Oh and forgive me if I do not seem to come across with the experienced knowledge that others might have about this stuff. I am just attempting to get into woodworking and tools and learning what I can. Which is why I've come to this website to learn and share. So to act like I should have known right off the bat this was a bad decision and I shouldn't have done it and known better is really quite unrealistic to expect and make comments on.
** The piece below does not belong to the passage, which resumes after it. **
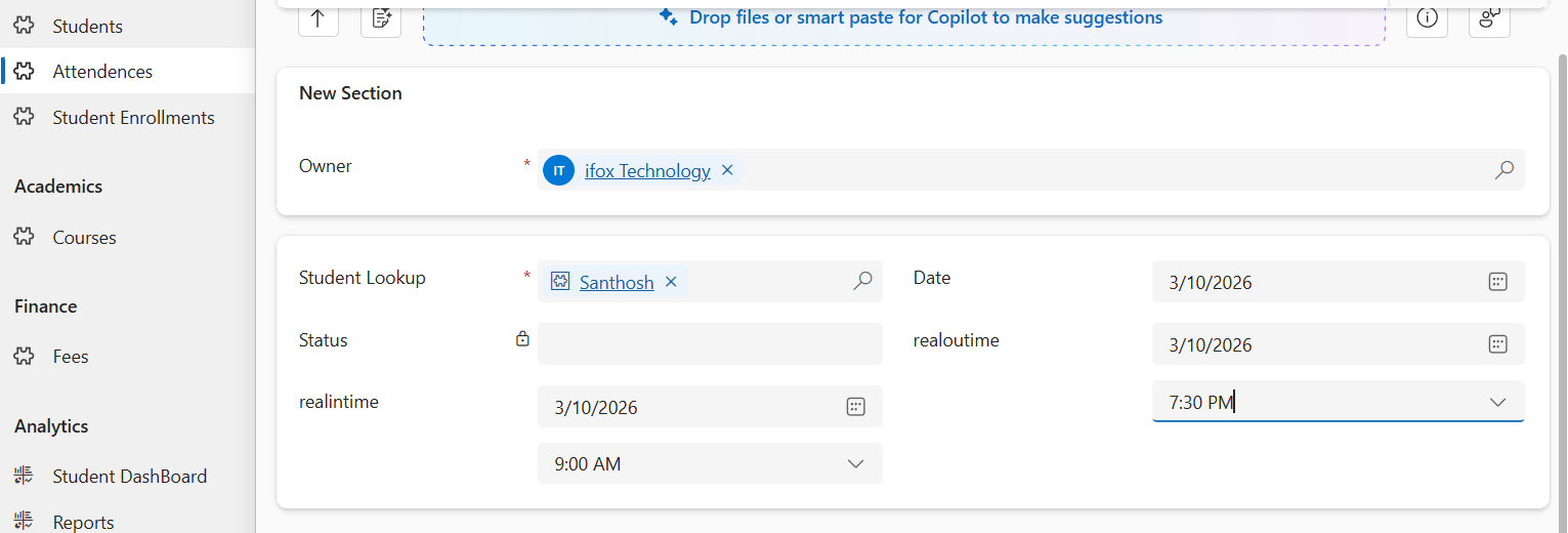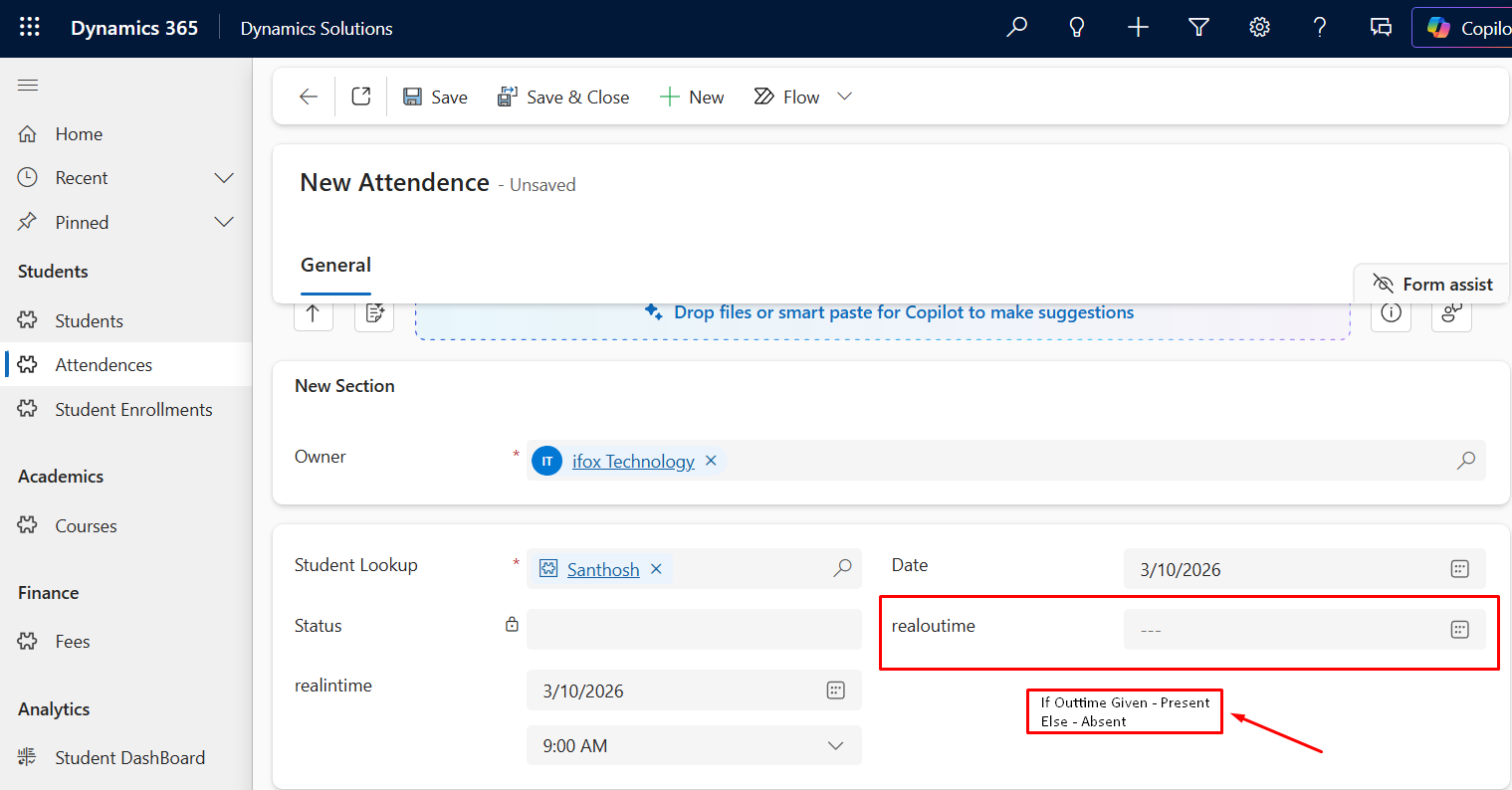 In this article, we will see how to automatically update a student's attendance status as Present or Absent based on whether the Out Time is provided or not.

Anyways not naming anyone here in particular but kindly keep your comments to yourself next time thanks. The others I appreciate your feedback and thank you!


----------



## Sef (May 28, 2008)

Larry,
Don't sweat the no-it-alls. PSI sells the exact same saw. It's supposed yo do exactly what you bought it for. I'm thankful for the review. I've been curious about the saw's abilities for a while now, and probably would have eventually blown a 20% coupon on it when it went on sale.


----------



## LarryDNJR (Dec 6, 2009)

Well Sef I am glad my review was helpful to you and you are right I almost got the one on the PSI website until I found the same thing locally. Save the coupon for something more useful.


----------



## drewnahant (Dec 10, 2009)

I tell you with some shame, that i actually own this saw as well. I got it to cut small carving pieces to size while I was living in a dorm at college, and was thoroughly disappointed. even in pine and basswood only 3/4 thinck it bogged down immediately, I ended up using the diamond blade and basically sanding through, what a mess. the whole thing is just a complete waste of money, even as cheap as it is. i don't think you could really get through 1/4 plywood with the wood blade, at least not any faster, easier, or more accurate than with a hand saw. anyway, for cutting pen blanks, why dont you just use a small miter box with a fine-tooth saw, they are small enough that it isn't much effort by hand, less dust too.


----------



## LarryDNJR (Dec 6, 2009)

You know I am actually starting to consider the idea of a small miter box and the fine-tooth saw. Even using my dad's old band-saw with a miter gauge it doesn't get the cuts as straight as I would like. Plus the hand saw would give it tiny bit more of the manual hands-on approach.


----------